Но они напоминали об этом при любом случае, и присутствие Анны все больше стесняло его. По ночам его мучили злые, назойливые сны, и в этих снах неизменно появлялась Анна. Словно для того, чтобы преодолеть это внутреннее беспокойство, он стал все чаще думать о Сташке. Может, она еще сидит в Бучинах? Может, не уехала к сестре, как собиралась? Надо бы собственно съездить, проведать товарку по работе. Ведь в сущности она очень порядочный человек, эта Сташка.
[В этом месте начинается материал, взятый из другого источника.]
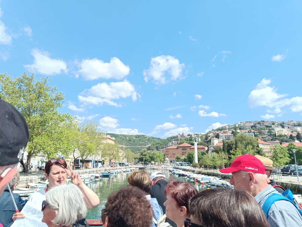 Z avtobusom smo se nato odpravili proti mestu Reka, ki jo je predvsem v 20. stoletju zaznamovala zelo burna zgodovina, saj je večkrat zamenjala državno pripadnost, kar kaže na njen pomemben strateški in politični položaj ob Jadranu. Reka je bila skozi zgodovino pomembno pristanišče in stičišče različnih narodov, med njimi tudi Slovencev. Kot večkulturno okolje ohranja spomin na ljudi različnih narodnosti, ki so prispevali k njenemu razvoju. Tako so s poimenovanjem ulice po Janezu Trdini v centru mesta na ta način dali priznanje njegovemu delu in njegovi povezavi z mestom. Med sprehodom po mestu smo si ogledali večje reške znamenitosti: Korzo, grajski stolp z mestno uro, Cerkev Marijinega vnebovzetja s stolpom, Katedralo Svetega Vida, Reško tržnico, Hrvaško narodno gledališče Ivana Zajca itd.
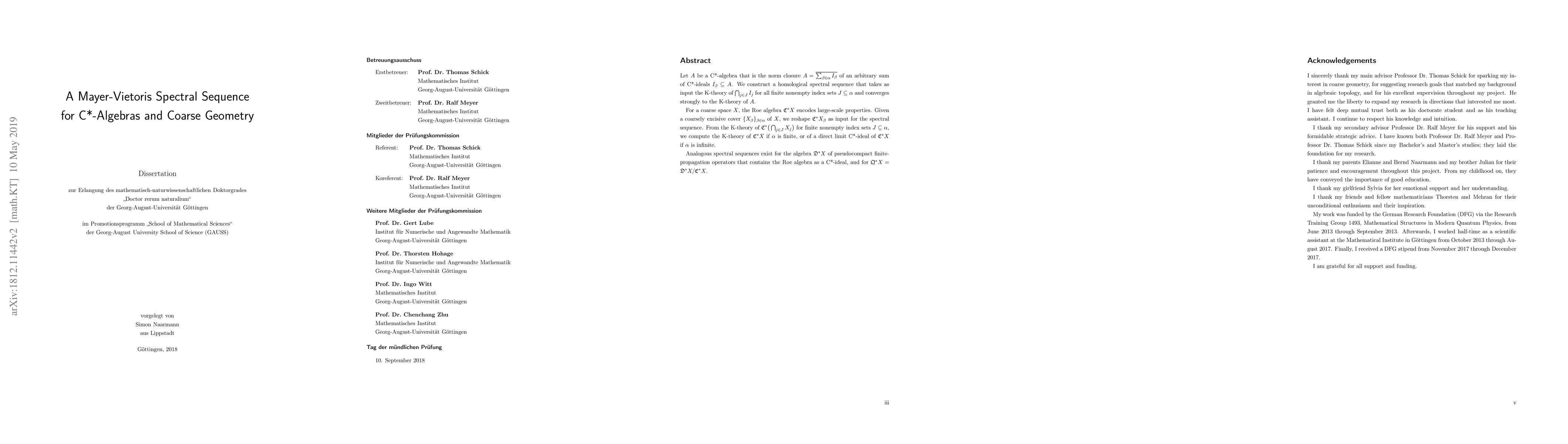 This paper constructs a homological spectral sequence converging to the K-theory of a C*-algebra formed by the closure of a sum of C*-ideals, using the K-theory of their intersections. It applies this to coarse geometry, reshaping the Roe algebra under a coarsely excisive cover to compute the K-theory of the Roe algebra or its direct limit, and extends the approach to pseudocompact finite-propagation operators and their quotients.
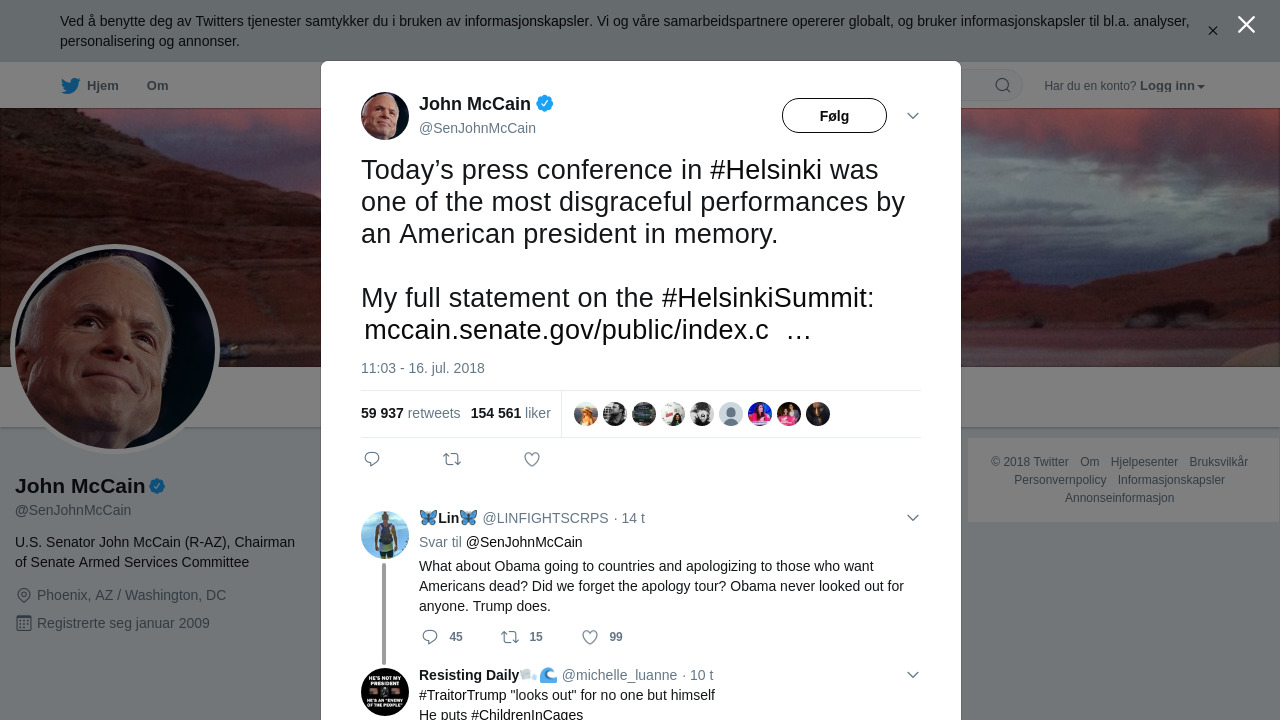 RT @SenJohnMcCain: Today’s press conference in #Helsinki was one of the most disgraceful performances by an American president in memo… https://t.co/CS9FXzjmjW
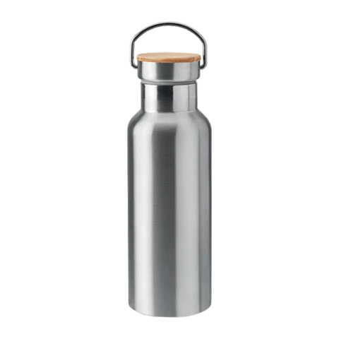 Double paroi en acier inoxydable avec couvercle en bambou
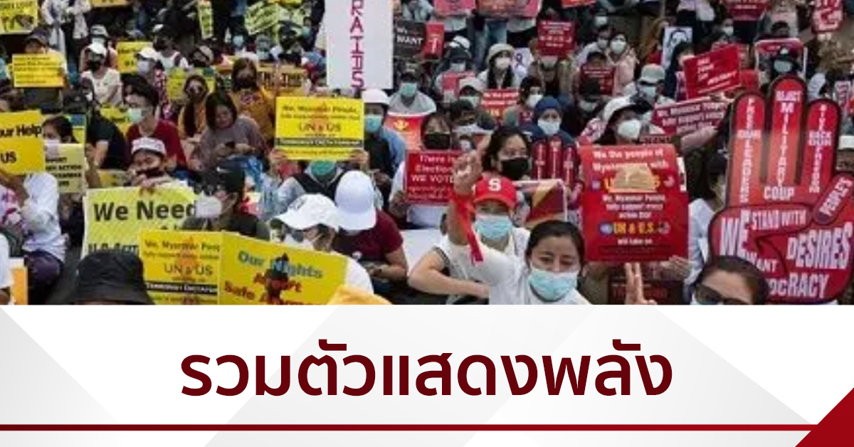 ย่างกุ้ง 17 ก.พ. – กลุ่มต่อต้านการก่อรัฐประหารในเมียนมา ประกาศรวมตัวกันในชุมนุมประท้วงครั้งใหญ่ในวันนี้ เพื่อแสดงให้เห็นว่า การที่กองทัพเมียนมาอ้างว่า ได้รับการสนับสนุนอย่างกว้างขวางในการก่อรัฐประหารยึดอำนาจจากนางอองซาน ซูจี ผู้นำรัฐบาลที่มาจากการเลือกตั้งและคำกล่าวที่ว่าจะจัดให้มีการเลือกตั้งทั่วไปครั้งใหม่นั้น เป็นเรื่องไม่จริง

С тех пор как закончился школьный год и та часть дня, которую он раньше проводил в избе кузнеца, была свободна, он чувствовал себя еще хуже, чем прежде. Нечем было убить медленно ползущее время. Каждый день растягивался до бесконечности. И как-то ни с кем он не умел сойтись поближе. Из детей о нем помнила одна лишь Казя от Мыдляжей, худенький, чуть-чуть косоглазый ребенок, в узком личике которого таилось необъяснимое обаяние. Обаяние маленькой гончей или белочки, обаяние какого-то забавного зверька. Она приходила и, как мышка, скреблась у дверей. Любила все перетрогать, все рассмотреть и, как он убедился, крала при случае, что попадалось под руку. Он не делал из этого никаких выводов, как-то совестно было поднимать историю из-за пустой жестяной коробки, наполовину выжатого лимона, пуговицы или ремешка. И Винцент как-то привязался к этой Казе. А она вертелась по комнате и непрестанно болтала щебечущим, тоненьким голоском:
— Ого, какие груши у Роеков… А у нас в этом году ничего не будет. В прошлом-то году были, да мальчишки стрясли еще зеленехонькие. Здесь, наверно, тоже все обобьют… А пуще всех этот Захарчуков Сташек по садам лазит… Тато сказали, что если его на нашей яблоньке изловят, все кости ему пересчитают…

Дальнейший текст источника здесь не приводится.